Oh God, he was right. I wanted badly to be hugged. He was close enough to hug. “Jesus Christ, Robert—they’ve been trying to kill us for two months, and the total body count is five. We ought to have time to finish out our course and Graduate.”
“You just said yourself, they could send more missiles any time they want. There could be more on the way now.”
“There are two goddam UN heavy cruisers out there!”
“Right now, yeah. They may even stay awhile. But have you considered the fact that the Starseed Foundation is not a member of the United Nations, and the Caliphate is?”
“But—that’s ridiculous!”
“Sure, there’s a friendly relationship of long standing—the member nations all know perfectly well there wouldn’t still be a UN if it weren’t for the Stardancers, whether they’ll admit it or not—even the Caliphate knows that, that’s just what’s driving them crazy. But you tell me: if it comes to it, is the UN going to go to war to defend a corporation from one of its member nations?
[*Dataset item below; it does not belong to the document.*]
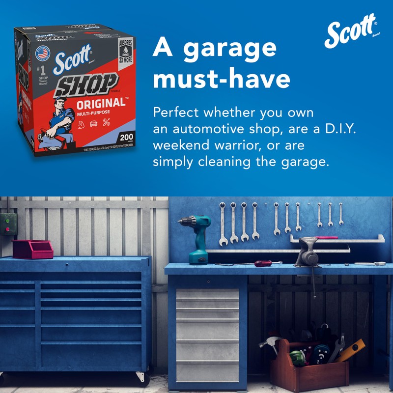 Scott Shop Original Blue Towels (75190), 9"x12" Cloth-like Paper Towel (8 Boxes of 200 Sheets, 1,600 Sheet Total)

When, as you pointed out, it can’t even prove the Caliphate is involved? You wait and see: within two or three days, India will have lodged a protest over the diversion of UN resources to protect a Canadian corporation, and then Turkey will chime in, and finally China…and one day those two ships will quietly warp orbit.”
“They wouldn’t.”
“They might have no choice. Suppose there were a plausible diversion somewhere else. Say, somebody bombed the Shimizu Hotel? At any given time there’s upwards of seven trillion yen on the hoof jaunting around inside that pressure, some of the most influential humans there are. The Space Command hasn’t got a lot of military strength in space to spare: most of their real muscle is the Star Wars net, and that’s aimed one way, straight down. I don’t know how soon the next ship leaves here for Earth, but I do know I’m going to be on it.”
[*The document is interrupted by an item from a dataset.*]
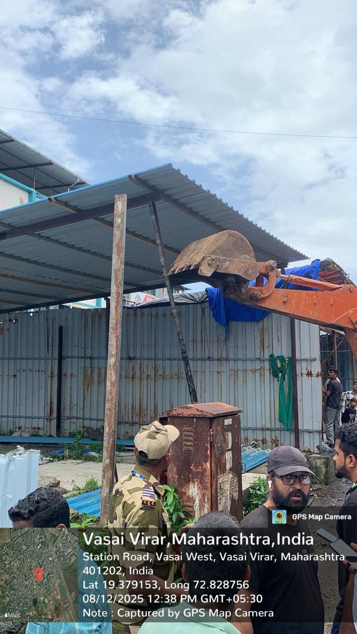 वसई, १३ ऑगस्ट २०२५ — वसई-विरार शहर महानगरपालिकेने अनधिकृत बांधकामांविरुद्ध कठोर भूमिका घेतली असून, नवघर-माणिकपूर प्रभागातील केटी व्हिजन मल्टीप्लेक्स शेजारील पंचाल नगर परिसरातील ९ अनधिकृत गाळ्यांवर कारवाई करून सुमारे ५,४०० चौ.फुट क्षेत्रफळाचे बांधकाम हटवण्यात आले.

Whether I’m beside you or not.
“You’re just going to run away?”
Think well before saying that to your man, even if it’s true—maybe especially if it’s true; I might just as well have stuck a knife in his belly. Even his unexpressive face showed it. For an instant I remembered his torn foot, injured in trying to shield me, and almost said something to at least try to recall my words. But I was too angry.
He didn’t let the pain reach his voice; it came out flat, firm, controlled. “You bet your life.”
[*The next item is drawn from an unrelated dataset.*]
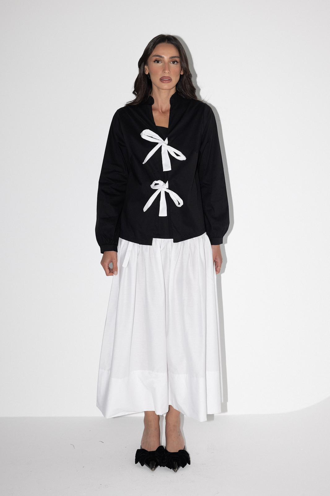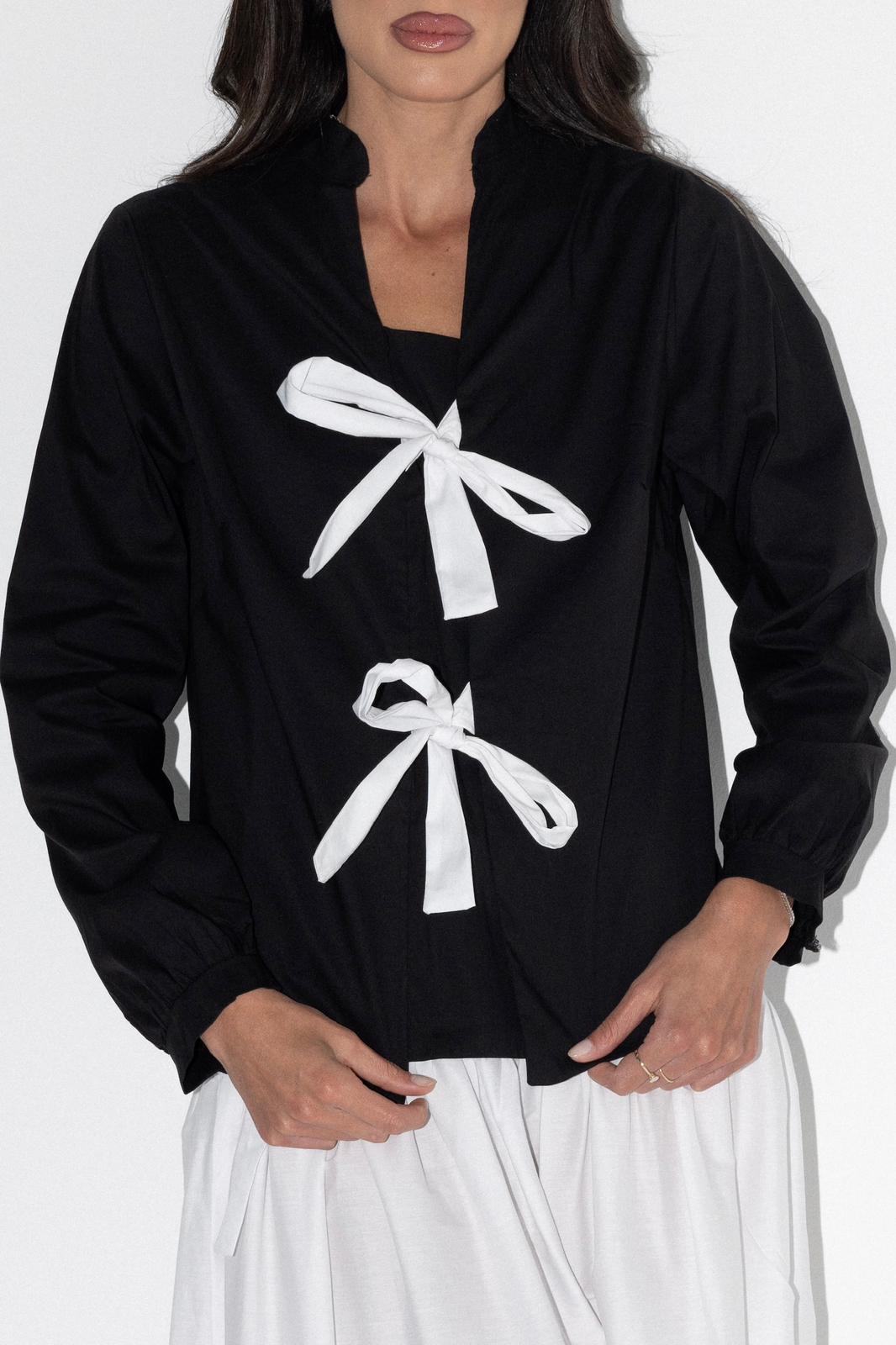 חולצה בגזרה ישרה עם קשירות פפיון מקדימה. מידת הבגד על הדוגמנית 0.

“You mean, just go home and waste all this? All this time, all this work, forget Symbiosis and run away?”
“It will not be wasted. We can always come back, sometime when it is safe again. Even if we never do come back, it hasn’t been a waste: we’ve learned a lot and acquired a lot of very useful skills, and we found each other—” You’re a good three or four minutes late in mentioning that, buster. “—but surely you see that all of that will be wasted if we die?”